# Mounting options



## JBrax (Oct 13, 2011)

Well, last night I ordered 4 Klipsch rb-51 II's for my Atmos height channels. I'm thinking I'd like to mount them high on the side walls near the ceiling. Does anyone have recommendations? I'd prefer something that swivels so I can aim them.


----------



## NBPk402 (Feb 21, 2012)

I used cleats for mine sides and surrounds, but you can't aim them. I had some custom brackets made for the Atmos channels which you can adjust the angles, but no aiming either.


----------



## willis7469 (Jan 31, 2014)

Are you doing 7.2.4?
I'm not 100%, but I don't think wall mounting will provide the right experience. Todd, or Peter would have a better idea, but if you're going through the trouble, I think you'll want to make sure it's as good as you can get. Klipsch's page says 20.9lbs per pair, which seems unlikely but...
I've always liked omnimount. Try these. 
http://www.omnimount.com/products/speaker_mounts_and_stands/speaker_mounts/stainless_steel_series/


Sent from my iPhone using Tapatalk


----------



## JBrax (Oct 13, 2011)

willis7469 said:


> Are you doing 7.2.4? I'm not 100%, but I don't think wall mounting will provide the right experience. Todd, or Peter would have a better idea, but if you're going through the trouble, I think you'll want to make sure it's as good as you can get. Klipsch's page says 20.9lbs per pair, which seems unlikely but... I've always liked omnimount. Try these. http://www.omnimount.com/products/speaker_mounts_and_stands/speaker_mounts/stainless_steel_series/ Sent from my iPhone using Tapatalk


 I'm going to see how 5.2.4 sounds and might just stick with that. So you think mounting up high next to the ceiling would not be as good as directly overhead? I'm not sure she's going to sign off on black boxes hanging from the ceiling? Thanks for the link I'll take a look here in a bit.


----------



## willis7469 (Jan 31, 2014)

Lol. I kinda thought you'd say that. That's why for me, in ceiling with aimable tweeters would be the only way. I know they say placement can be flexible, but I think it refers to the front/back relationship along the ceiling plane. I hope @Peter Loeser or @Todd Anderson can chime in. 
What is your ceiling height?


Sent from my iPhone using Tapatalk


----------



## JBrax (Oct 13, 2011)

The ceilings are 8 feet. I haven't come this far to start cutting corners now. If they have to be mounted on the ceiling I'll figure out a way to make it happen.


----------



## willis7469 (Jan 31, 2014)

Good luck. I secretly hope I'm off base a little, but we'll see what the big brains can add. 

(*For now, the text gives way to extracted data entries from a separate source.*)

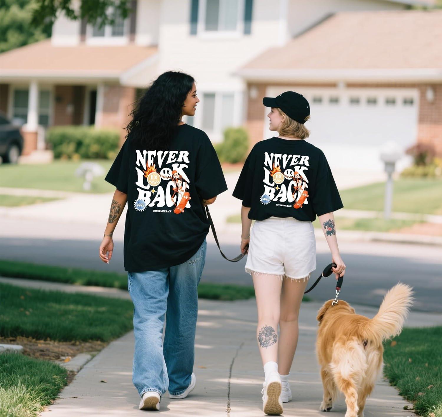 UOUA Women Oversized Graphic T-Shirt Casual Cotton Tees Printed Summer Tops(Sloganletter-black)
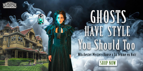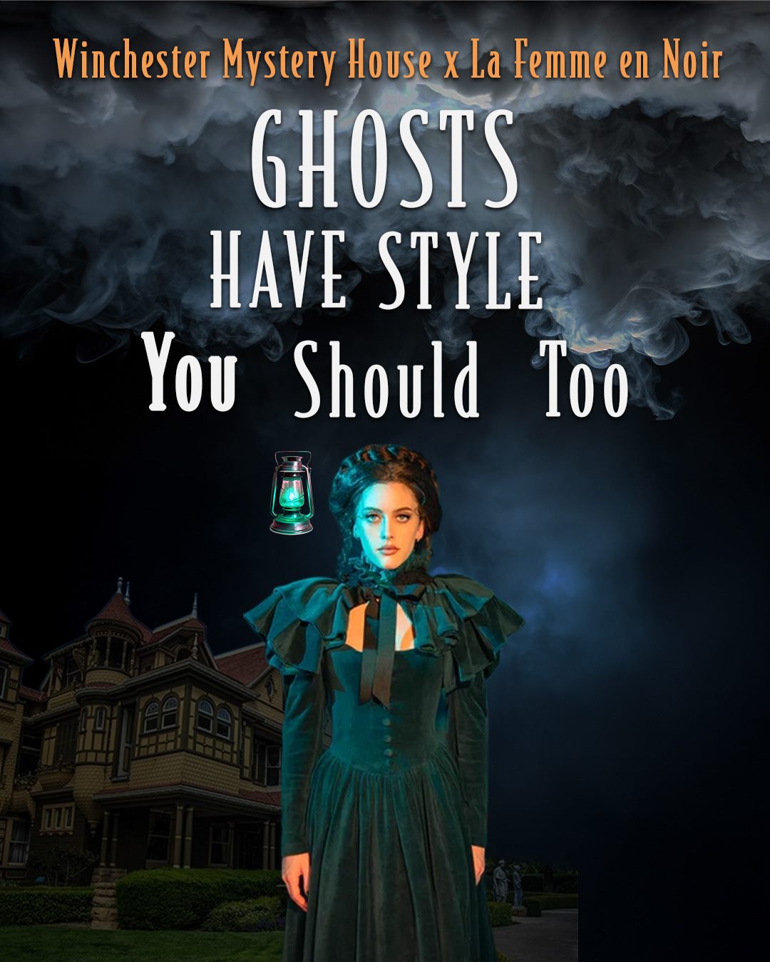 The centerpiece of the campaign was a reel set inside the Winchester Mystery House itself, where ghosts drift through the mansion's iconic spaces dressed in La Femme en Noir pieces, merging the language of fashion editorial with gothic atmosphere.
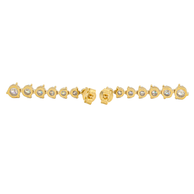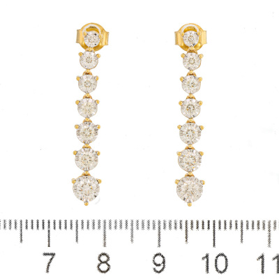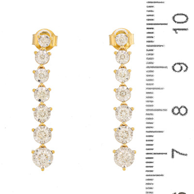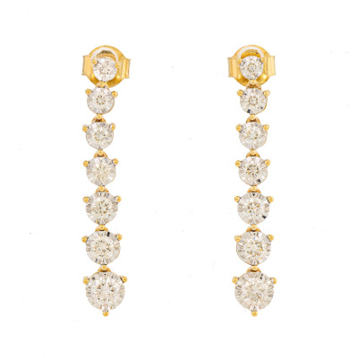 Diamond drop earrings with 14 round Natural Diamonds totalling 1.04ct (Estimated grading: H-I SI). Note - Diamonds graduating in size. 14ct yellow gold. Earrings drop length: 3.1cm. Weight: 4.0g. (New)
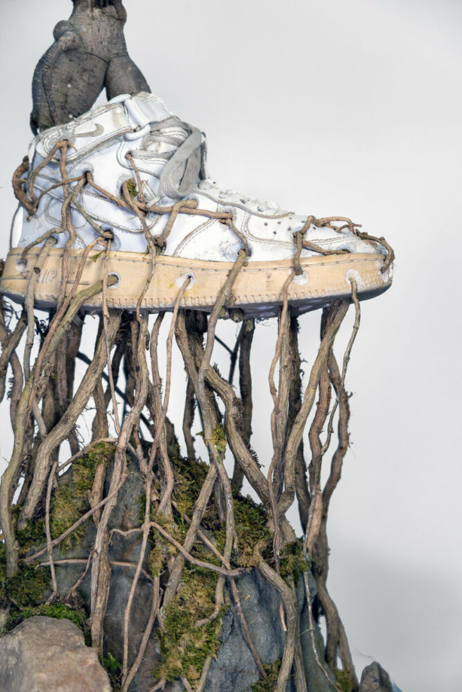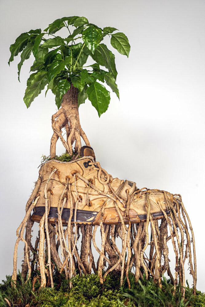 each sculpture of Bonzaï Sneakers contorts a plant into a NIKE shoe
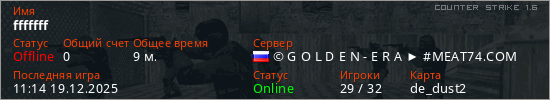 Играет на Counter Strike 1.6 сервере. Страна: РоссияПервый раз замечен 22:16 17.10.2023
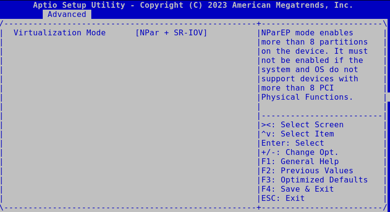 For all rNDC cards, open Device Level Configuration and set rNDC interfaces image widget. It can then be set to SR-IOV or NPar + SR-IOV
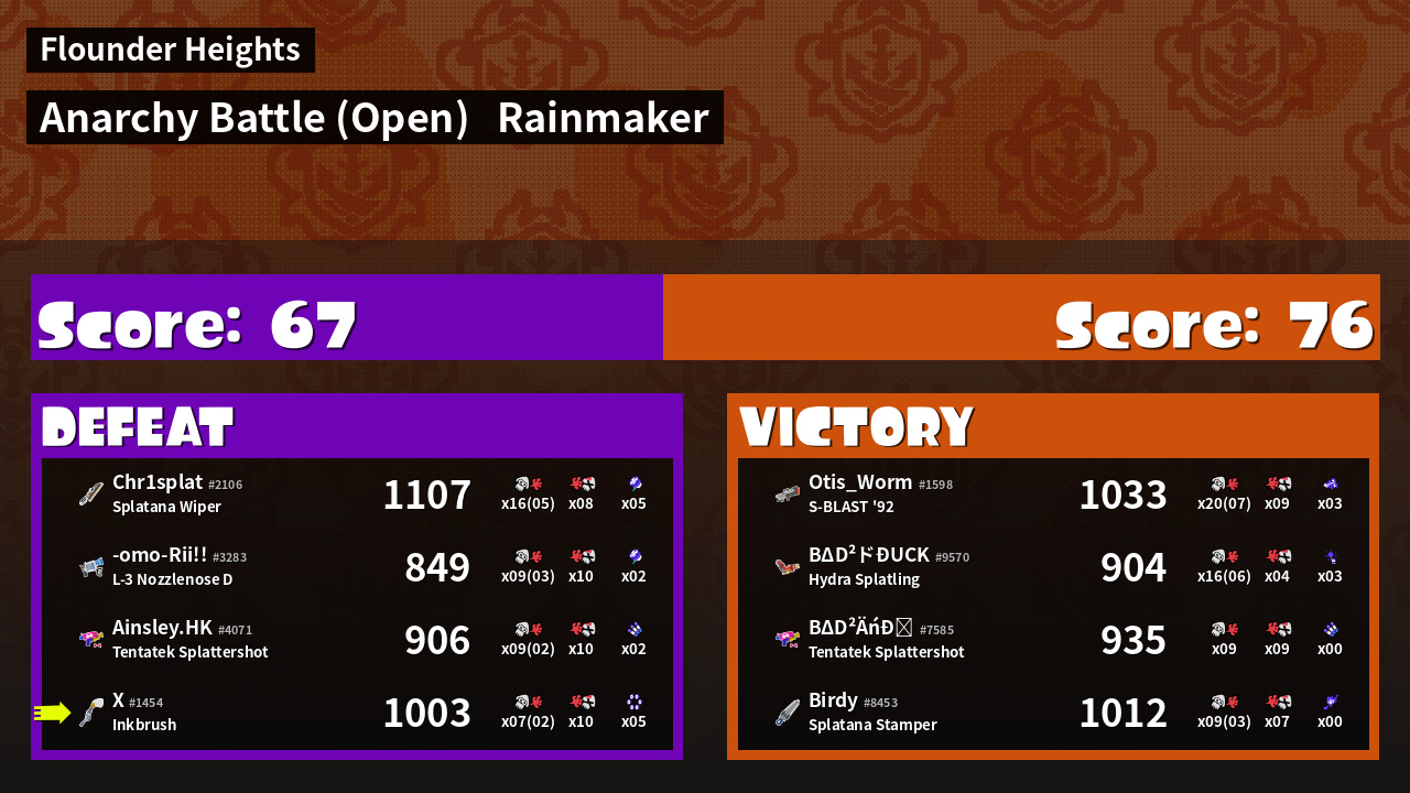 | Mode | Rainmaker - Anarchy Battle (Open) | ||

Sent from my iPhone using Tapatalk


----------



## JBrax (Oct 13, 2011)

willis7469 said:


> Good luck. I secretly hope I'm off base a little, but we'll see what the big brains can add. Sent from my iPhone using Tapatalk


 Thanks, me to.


----------



## chashint (Jan 12, 2011)

I used these to mount my RS-42's 
https://www.google.com/shopping/pro...d=0ahUKEwiB_ImhpMjLAhUF6SYKHdLyBN0Q8wIIswYwBQ


----------



## chashint (Jan 12, 2011)

Where did you find the RB-51's ?


----------



## JBrax (Oct 13, 2011)

chashint said:


> Where did you find the RB-51's ?


 Amazon, they were the last new ones I could find. Same vendor put more up today but raised the price.


----------



## chashint (Jan 12, 2011)

I should mention that I had to make an adapter to make those brackets work with the RS-42 mounting holes.
I used 3/8" Baltic birch plywood I had on hand.


----------



## chashint (Jan 12, 2011)

thanks for the Amazon tip


----------



## JBrax (Oct 13, 2011)

chashint said:


> thanks for the Amazon tip


 Sure thing. Keep in mind they upped the price.


----------



## chashint (Jan 12, 2011)

Since you found new ones I was hoping there might be a pair of new RB 81's too.


----------



## JBrax (Oct 13, 2011)

chashint said:


> Since you found new ones I was hoping there might be a pair of new RB 81's too.


 There was a pair of used-good for about $480.


----------



## JBrax (Oct 13, 2011)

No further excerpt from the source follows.